Entre los gays existe una forma de travestismo conocida como vestirse de drag queen, que no tiene por qué estar relacionado con el travestismo tradicional o el transexualismo. Ha sido una forma popular de diversión durante siglos. Sobre todo en el Reino Unido, el personaje de la "dama" de pantomima, interpretada por un hombre (no necesariamente homosexual) vestido con ropas de mujer y maquillado de forma exagerada, constituye una parte del ocio familiar tradicional.


TRANSEXUALES




Algunas personas crecen con una abrumadora sensación de encontrarse atrapadas en un cuerpo del sexo equivocado y sienten que sólo podrán llevar una vida satisfactoria si "cambian de sexo". El modo más radical de conseguirlo consiste en someterse a una operación y, para que el paciente pueda afrontarla, debe convencer al personal médico de que su insatisfacción personal con el sexo con el que han nacido es auténtica.
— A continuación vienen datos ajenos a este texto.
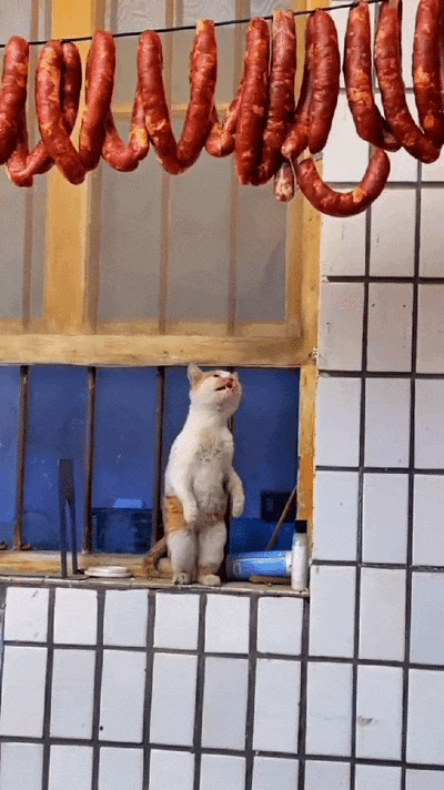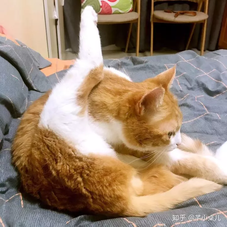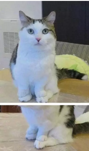 还有些猫咪,已经自觉地自己是高等生物,所以前脚是肯定不能沾地的.....

Al paciente se le pide que se vista, viva y trabaje, asumiendo el papel del nuevo sexo durante un período de dos años.


Para los transexuales mujer-hombre, la operación de cambio de sexo puede incluir la eliminación de los senos y de los órganos reproductores femeninos. En algunos casos, además, se crea un pene con la piel de la vagina y el clítoris y con músculo y piel del antebrazo. Las personas que han pasado por este tipo de cirugía deben tomar hormonas masculinas durante el resto de su vida con el fin de mantener la masa muscular, el vello facial y corporal y la voz más profunda.


En el caso de los transexuales hombre-mujer, la cirugía puede incluir la castración, la construcción de una vagina con tejido del pene, y la implantación de pechos. Las hormonas femeninas inhiben el crecimiento de vello facial y corporal, y hacen que la voz se agudice y resulte más femenina.
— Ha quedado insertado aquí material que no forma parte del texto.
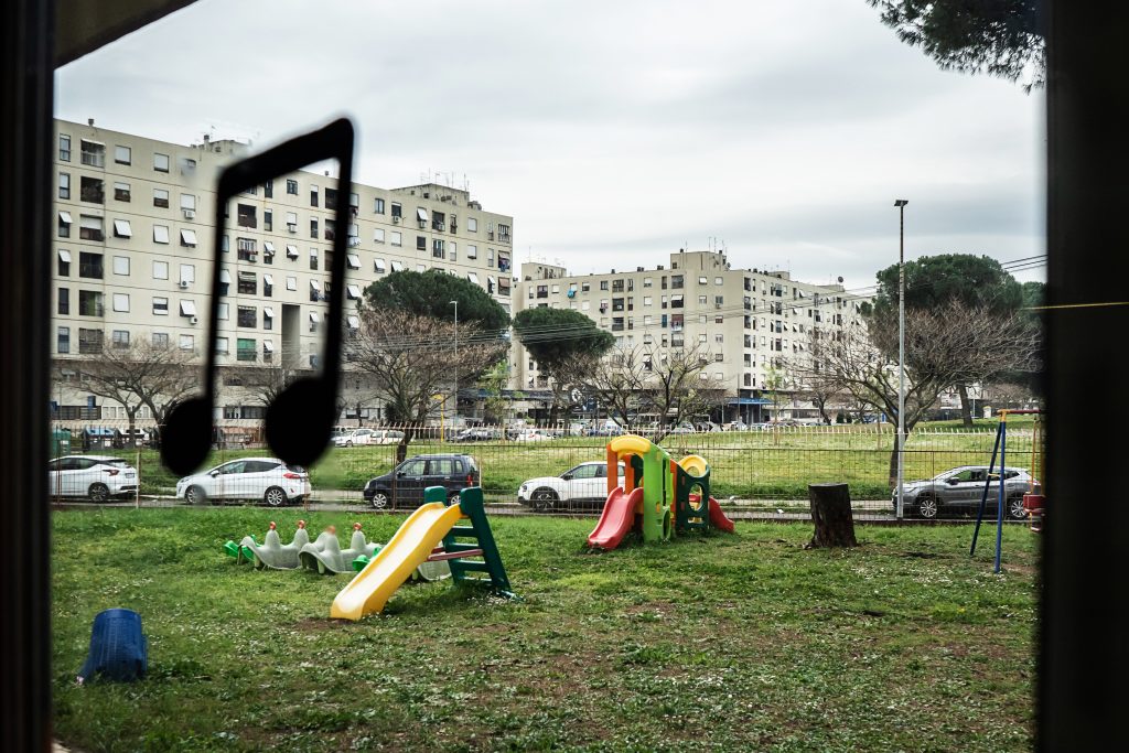 Jakby umacniając swoje miejsce w samowystarczalnym systemie, jakim jest Via dell’Archeologia, szkoła odmalowuje swoje ściany, buduje przestrzenie do integracji i tka więzi z lokalną społecznością, tak by stworzyć możliwość alternatywnej egzystencji w dzielnicy. Ale poza szkolnymi murami życie na twardym betonie wymusza na uczniach inne, ostrzejsze poczucie przynależności.

Una vez realizada la operación de cambio de sexo, el individuo recibe documentos que le otorgan una nueva identidad y un nuevo nombre elegido por él.


NOTA IMPORTANTE:algunos datos de este documento pueden estar desfasados, pues fueron publicados en 2000, y evidentemente hace 11 años la situación no es la misma que en la actualidad. Actualmente el papel de las asociaciones defensoras de los derechos de gays y lesbianas ha avanzado mucho en las sociedades occidentales, pero también tenemos que indicar que ha retrocedido en sociedades en que la homofobia llega a penalizar, encarcelar y ejecutar a personas con tendencias homosexuales.